Since I'm growing a bunch of Serrano's this summer, decided that I would do something with them instead of dehydrating.



I used:

A dozen Serrano's
5 whole garlic cloves
half of a yellow onion
A can of diced tomatoes and the juice
Kosher Salt
Brown Sugar
Apple Cider Vinegar

I blended the whole thing up in a food processor. Very simple and fast. This hits you as a little sweet at first and then the heat kicks in. We used it with chips and dip, on top of crackers along with dip and sliced hard boiled eggs, and with a potato/hash brown concoction. It's Very good.


----------



## cowgirl (Sep 30, 2008)

Pete, that looks excellent! Bet it tastes great too.


----------



## abelman (Sep 30, 2008)

Thanks Jeanie, I must say I surprised myself on this one. Every once in awhile, you get lucky 
	

	
	
		
		



		
		
	


	





 . 

Even the Mrs likes it so this one is a keeper. I'll be vacuum sealing some peppers for the winter to be sure.


----------



## cowgirl (Sep 30, 2008)

Pete, with your talent, I'm sure luck had nothing to do with it. 
	

	
	
		
		



		
		
	


	





Also, thank you for sharing your recipe, I'm definately going to give it try. :)


----------



## coyote (Sep 30, 2008)

hmmm, brown sugar. but then you did say you liked sweet / hot. sounds good.never have done much with the serranos except garnish and eat them. will give it a shot ableman.


----------



## walking dude (Sep 30, 2008)

thankx abel..........i also am growing serrano's..........dehydrated abunch, froze abunch.........used em in my fresh crushed red peppers flakes.........how much heat in the salsa?


----------



## abelman (Sep 30, 2008)

WD,

I leave the seeds and all in the mix, less the steams obviously. This is one of those mixes where as long as you keep eating it, it's not too bad. Once you decide to slow down, the heat creeps up. It's perfect for me. 

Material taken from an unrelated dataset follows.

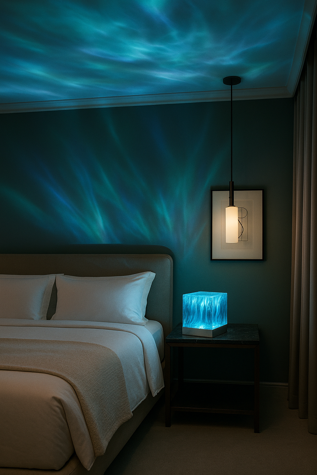 En un instant, vos murs et plafonds s’illuminent d’un ciel boréal coloré, transformant chaque pièce en un espace de détente et d’émerveillement.

I would say it's certainly more heat than a good Jalapeno (2,500 - 5,000) but less than a Thai Dragon (50,000 - 100,000). Don't know if that helps but that's what I grow. Serranos are rated at 15,000 - 30,000 as you know. These were at the higher end as I would say but this is the first year I've grown them.

First I tried it without the brown sugar and it was just bland enough at first taste that I wanted to add something. I realy like a somewhat sweet salsa with a good amount of heat to boot. So...that's what I tried, the brown sugar and cider vinegar.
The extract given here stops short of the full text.